The Tune Without the Words

 
“Hope” is the thing with feathers -
That perches in the soul -
And sings the tune without the words -
And never stops - at all -

And sweetest - in the Gale - is heard -
And sore must be the storm -
That could abash the little Bird
That kept so many warm -

I’ve heard it in the chillest land -
And on the strangest Sea -
Yet - never - in Extremity,
It asked a crumb - of me.
 
- Emily Dickenson
 
I've been planting seeds.  There's something particularly hopeful about planting seeds.  Flower seeds in particular are a sort of frivolity, a belief that needless beauty is worth effort. They also tend to perform, adding whimsy and delight. Vegetable seeds are another story.  They are an interesting exercise in faith, because experience has taught me that if a useful plant can find a way to develop a disease, wilt, be attacked by squirrels, or otherwise spoil its fruit and/or die, it will.  Or, just for variety, it will produce tons of wonderful vegetables. 
I keep trying to connive strategies where my plants will produce, and I will therefore, as a gardener, win.  I've tried multiple styles of pot or planting location, variety specific fertilizers, various watering strategies, etc.  I stop short of pesticides and herbicides, as putting poison on my plants worries me. However, in the end, it's totally beyond my control.  I have to sit back and recieve what my plants and the Good Lord see fit to give me.

About the pictures:
I took these pictures a couple of days before Christmas.  I knew I'd post them eventually, but I've been remarkably lazy about posting recently.  So I let them sit in a file on my computer and looked at them occasionally.  Gradually, they became associated in my head with the above poem by Emily Dickenson. The beginning of this year has been grey, and hard for me.  Both the pictures and the poem have done me good.
I hope they do you good as well.






 


3.26.2013

Snow storm zen

 
Sometimes the most magical place to be is not a place, but a moment in time.
Like about 1 AM, Sunday night.

The freak march snowstorm had settled in for the long haul and was quietly heaping white on every bit of branch before it could melt off.  Flakes were sleeting past the streetlight, which was providing enough light to turn a wide swath of snow-covered street softly golden.  The low level of light provided an almost perfect level of low contrast between snow, sky, and branches.

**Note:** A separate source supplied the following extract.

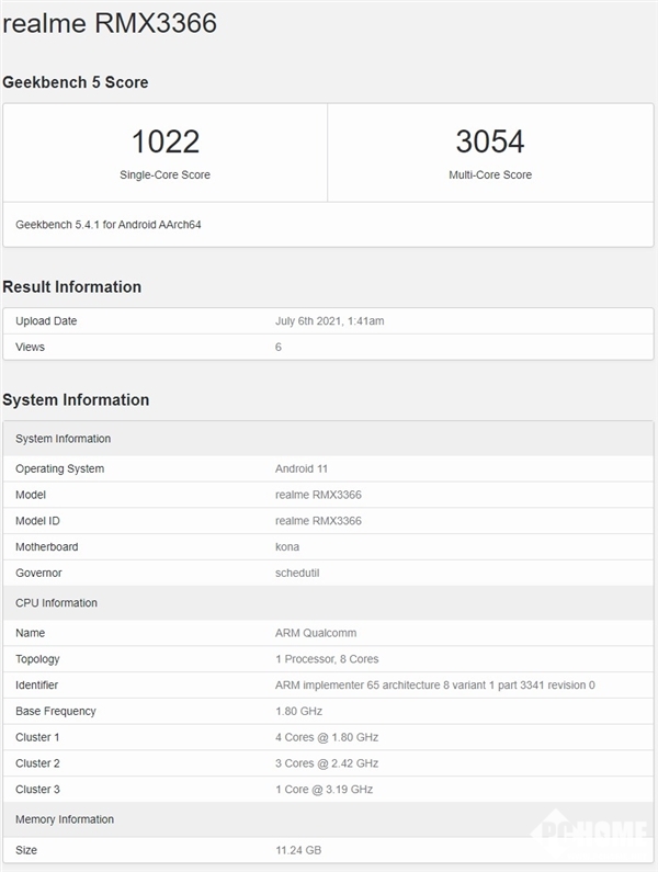 今天上午,有网友曝光称,realme旗下有一款机型代号为“RMX3366”的新机在Geekbench数据库现身,其中显示该机将搭载目前大热的骁龙870处理器,同时还拥有12GB内存,单核跑分为1022、多核为2054分。

So I unearthed my tripod and set it up in the safety of the porch.  I then proceeded to make a series of long exposures.  The length of exposures added to the silence of the neighborhood made for a rather meditative experience.
It feels weird to take a long exposure with a camera, because pictures are normally so instantaneous.  My shutter is capable of opening and closing far faster than my eye can blink, and yet here I was quietly able to have a conversation with myself while waiting for my camera to finish exposing a single image that may or may not have been ruined 10 seconds ago by an inadvertent jiggle while I pressed the button.